== THE DATA ==
:::

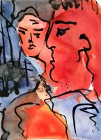 Portraits - watercolor, wax pencil, coal, 07/2018
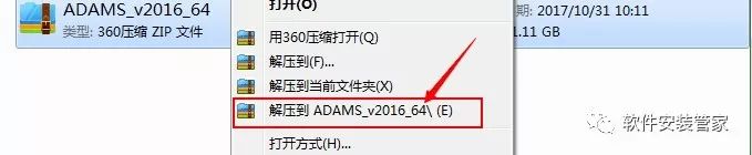 1、右击软件压缩包,选择解压到“MSC_ADAMS_v2017_64”。
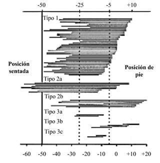 Estos autores también identificaron tres tipos de movilidad lumbo-pélvica y las agruparon según su frecuencia de presentación: tipo 1 o normal en 66%; tipo 2 o hipomóvil que dividieron en dos subgrupos: el tipo «a» con una basculación anterior (11%) y el tipo «b» con una basculación posterior (11%). Por último, el tipo 3 o columnas rígidas que las subdividieron a su vez en tres subgrupos: «a» con basculación anterior (2.5%); «b» con basculación posterior (6.0%) y «c» con basculación mixta (3.5%) (Figura 9).

:::

== AIM OF THE TASK ==
An exact copy of the data is required, with the pictures excluded.

== ANSWER SECTION ==
 Portraits - watercolor, wax pencil, coal, 07/2018
 1、右击软件压缩包,选择解压到“MSC_ADAMS_v2017_64”。
 Estos autores también identificaron tres tipos de movilidad lumbo-pélvica y las agruparon según su frecuencia de presentación: tipo 1 o normal en 66%; tipo 2 o hipomóvil que dividieron en dos subgrupos: el tipo «a» con una basculación anterior (11%) y el tipo «b» con una basculación posterior (11%). Por último, el tipo 3 o columnas rígidas que las subdividieron a su vez en tres subgrupos: «a» con basculación anterior (2.5%); «b» con basculación posterior (6.0%) y «c» con basculación mixta (3.5%) (Figura 9).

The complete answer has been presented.